How Oodle Keeps Observability Fast at Scale
Durable Storage. Elastic Queries.
If you've ever kept a giant observability cluster alive "just in case,"
you know the vibe: half your spend goes to idle capacity, and the other
half goes to hoping tonight's incident does not outgrow your sizing math.
Oodle takes a less dramatic approach. Keep data durable in object storage.
Bring compute to life only when someone actually asks a question.
That sentence sounds easy. Building it so it stays fast under real load is
the hard part. The rest of this post walks through how ingestion,
compaction, and query execution fit together in practice.
It focuses on metrics architecture.

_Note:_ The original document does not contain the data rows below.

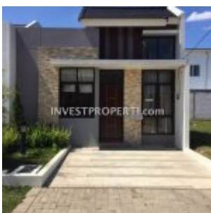
Show Unit Rumah

Ingin melihat foto show unit rumah di Villaggio Citraraya Tangerang atau melihat sendiri bagaimana penampakan aktualnya? Ga sempat mengunjungi secara langsung rumah contoh Villaggio CitraRaya ? Tidak masalah, berikut adalah beberapa foto show unit rumah cluster Villaggio yang diambil langsung dari lokasi.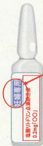
リトドリン塩酸塩（注射薬）のデザイン例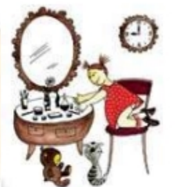
Дочка красится маминной косметикой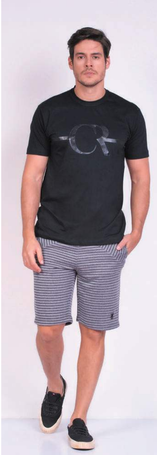
REF. 1804 CAMISETA TRADICIONAL MEIA MALHA 100% ALGODÃO TAM. P AO S5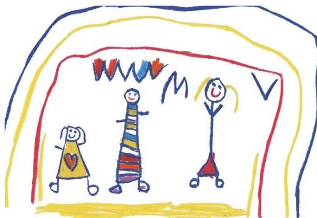
Logo výzkumu DOMOV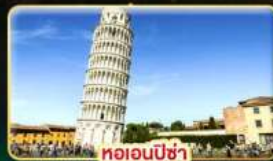
หออนพีซ่า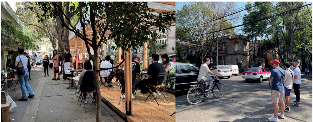
Fotografía 2. Nómadas digitales en cafetería y calle Orizaba en la Colonia Roma.

Los nómadas digitales llegan a vivir a una zona en específico, a los barrios Condesa y Roma, cuyos exuberantes paisajes urbanos, con arquitectura Art Deco y Art Nouveau, con una propuesta gastronómica gourmet, establecimientos elitizados, los han hecho atractivos durante mucho tiempo para los residentes más adinerados (Shortell, 2022). Con esta nueva dinámica también han proliferado los cafés que son lugares de trabajo remoto en donde se puede ver a extranjeros (ver foto 2).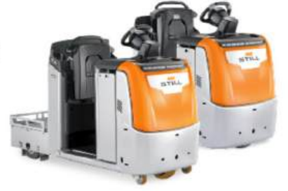
LTX 50 / LTX-T 06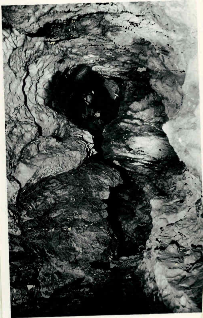
Gangprofile im Nordostgang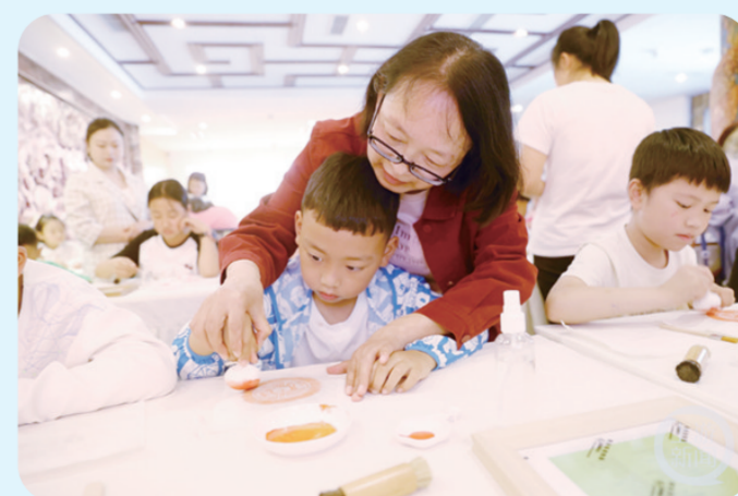
重庆市民族博物馆开展“5·18”国际博物馆日文物拓印研学体验活动,近百名家长和学童参加。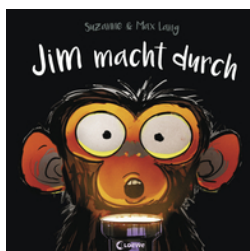
Jim macht durch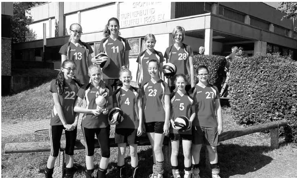
Die erfolgreichen Spielerinnen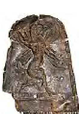
تصویر ۱۹ - کلماکره. ماخذ: (موزه ملی ایران)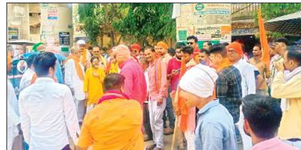
पुतला फूंकते हिंदू संगठन के कार्यकर्ता।

बुधवार को बजरंग दल और विश्व हिंदू परिषद के कार्यकर्ताओं ने प्रदर्शन कर राष्ट्रपति को संबोधित ज्ञापन जिलाधिकारी को सौंपा। ज्ञापन में कहा गया कि यह घटना संपूर्ण देशवासियों को स्तब्ध करने वाली है। इस क्रूरतम दुष्कृत्य से पूरा देश आहत है और आक्रोश में है। जम्मू कश्मीर लंबे समय से पाकिस्तान पोषित आतंकवाद का दंश झेल रहा

Logs and traces follow a
very similar design: separated storage/compute, elastic query paths, and
object-storage-backed durability.
Why a New Database Pattern?
Observability data behaves differently from general-purpose analytics data:
- It is immutable once written.
- Recent data matters disproportionately during incidents.

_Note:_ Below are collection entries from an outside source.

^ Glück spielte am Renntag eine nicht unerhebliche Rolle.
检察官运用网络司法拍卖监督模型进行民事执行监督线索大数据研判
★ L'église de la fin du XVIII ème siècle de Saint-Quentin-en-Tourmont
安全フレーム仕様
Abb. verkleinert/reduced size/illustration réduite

- Query load is spiky, not smooth.
- The same data often gets queried repeatedly.
- Even heavy queries are expected to feel real-time.
- Teams still need long retention windows with high fidelity.

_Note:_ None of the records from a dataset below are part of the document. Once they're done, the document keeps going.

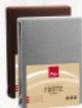
PRZEŚCIERADŁO FROTTE 160X200 41 zł 220X200 54 zł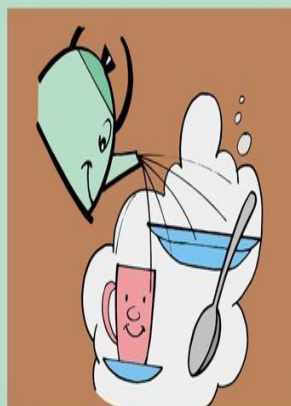
Выделите посуду больному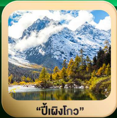
“ปี่ผิงโกว”

ชมธรรมชาติ 2 อุทยานขึ้นชื่อ อุทยานภูเขาสี่ครุณี + อุทยานปี่ผิงโกว สะพานหนานเฉียว • ถนนคนเดินไท่กู่หลี่ + ซุนซีลู่ + Pop Mart • ดงเจียวจื่อ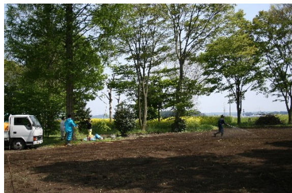
光合成菌入り磁場エネルギー還元水を1000リットル散布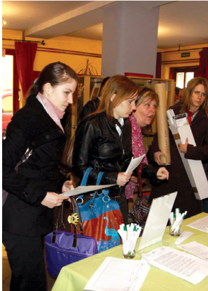
Az önéletrajz fontos lehet a börzén

Az álláskeresőket 20-25 munkáltató várja majd aktuális munkalehetőségekkel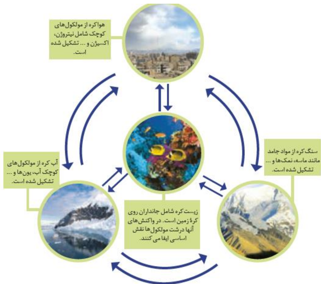
شکل ۲- زمین از دیدگاه شیمیایی پویاست و بخش های گوناگون آن با یکدیگر برهم کنش های فیزیکی و

That combination is why Oodle uses a different architecture shape: durable
object storage for retention, plus elastic compute for bursty read paths.
Why AI Changes the Scale Math
The shift toward AI is changing observability requirements in ways that compound on each other.
More telemetry per service. AI is being used to build features at record pace - which means more services being created, and more logs and metrics being generated. Adding more telemetry is now just a prompt away.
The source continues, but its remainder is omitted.